Kinh, lahir sebagai seorang wanita di Vietnam Utara, sehingga kurang diterima dalam keluarganya yang lebih mengharapkan seorang anakĀ lelaki. Ketika remaja sesuai tradisi Kinh dijodohkan dengan pria yang disukai orangtuanya. Kinh harus menerima kenyataan ini sebagai bentuk bakti.
Suatu waktu, ketika sedang menambal baju suaminya yang sobek, sang suami tertidur. Saat itu Kinh melihat kumis suaminya yang kurang rapi lalu hatinya tergerak untuk merapikan dengan menggunakan gunting.
Saat hendak merapikan, tiba-tiba suaminya terbangun, kaget dan berteriak ketakutan melihat Kinh memegang gunting. Malang, niat baik Kinh disalahpahami suami dan mertuanya sebagai kehendak untuk membunuh. Kemudian Kinh harus menerima ketidakadilan dengan diceraikan dan terusir dari rumah.
Sebagai wanita, Kinh tak bisa berbuat apa-apa selain menerima nasibnya. Menghadapi kenyataan ini, Kinh memutuskan pergi ke vihara dengan menyamar sebagai seorang lelaki, agar dapat diterima untuk menjalani proses pembinaan diri dengan bermeditasi.
Itulah sepenggal cerita dari Thich Nanh Hanh dalam ceramahnya yang berjudul 'Transcending Injustice' yang ditulis ulang Gede Prama dan saya sarikan kembali sebabĀ sangat kaya makna dan menginspirasi saya secara pribadi. Kita bebas memaknainya.
Bagi saya kisah itu begitu komplit sebagi cermin diri, karena di satu sisi saya pernah seperti nasib Kinh tapi di sisi lain saya juga menjadi penyebab apa yang harus dialami Kinh. Hidup memang bagaikan panggung sandiwara.
Kecurigaan yang Berlebihan
Sebuah niat baik, belum tentu akan disikapi dengan baik oleh yang menerima maupun yang melihat. Alih-alih diterima dengan baik dan berbalas terima kasih, yang ada malah dicurigai. Sikap curiga yang berlebihan yang menyebabkan semua ini.
Kecurigaan yang berlebihan ini lahir karena ketidakmampuan memberi ruang untuk berpikir baik dan bersikap bijak. Bisa jadi akibat pengalaman masa lalu. Tapi menyamaratakan semua kejadian dengan kecurigaan, maka akan lahir ketidakadilan.
Bisa jadi kita bersimpati dengan ketidakadilan yang dialami oleh Kinh karena kecurigaan berlebihan sehingga mengalami penderitaan. Tapi terkadang tanpa kita sadari justru kita yang menjadi pelaku atas ketidakadilan dengan kecurigaan kita yang berlebihan itu.

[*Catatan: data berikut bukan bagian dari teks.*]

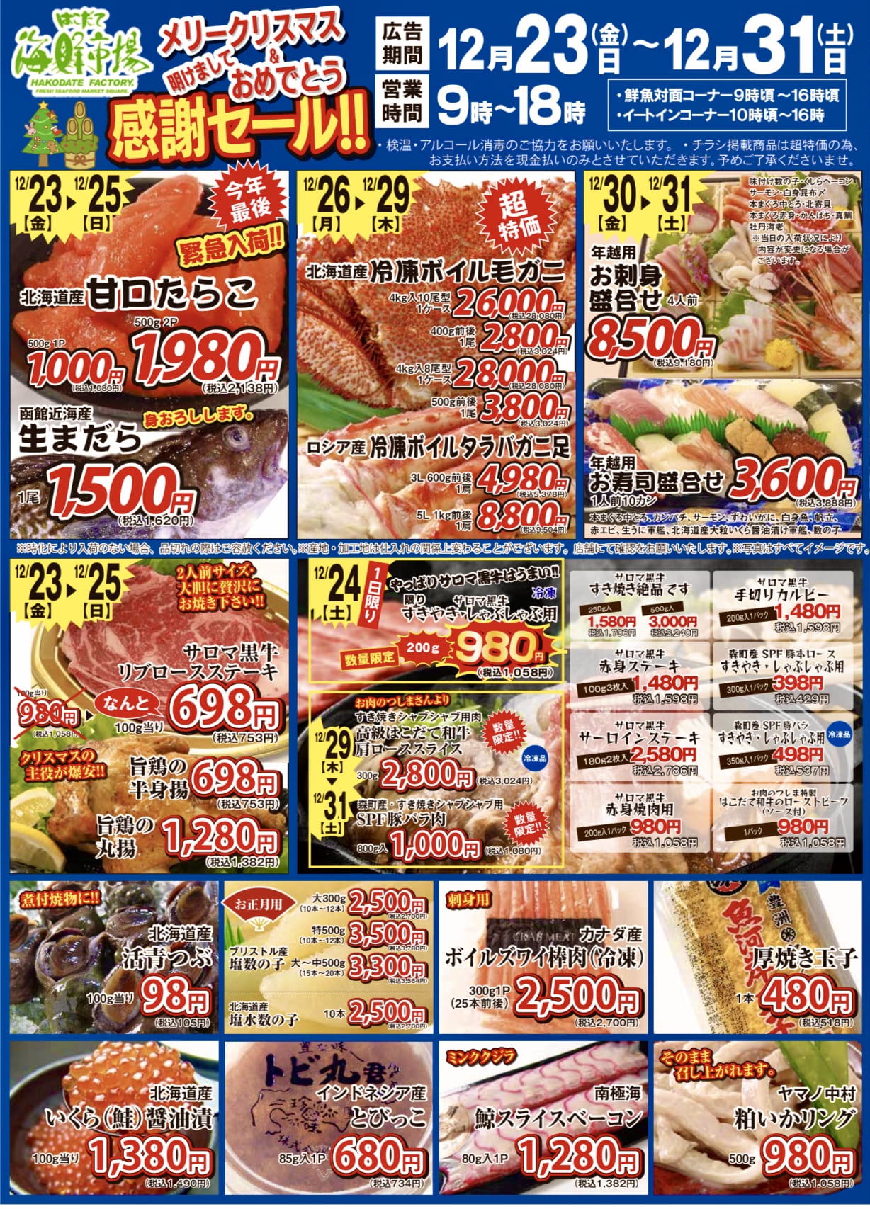 次回は12月23日(金)〜31日(土)!年始の御案内も!

Bisa kita cermati, setiap hari kecurigaan merebak. Pintarnya kecurigaan dikemas dalam bentuk opini. Padahal opini tanpa data dan fakta tak lebih dari namanya mencurigai. Tapi itulah yang terjadi dengan mudahnya kita mencurigai setiap perilaku orang lain dengan asumsi apa yang dapat kita lihat dengan mata. Bahkan dari sekadar apa yang kita baca atau dengar.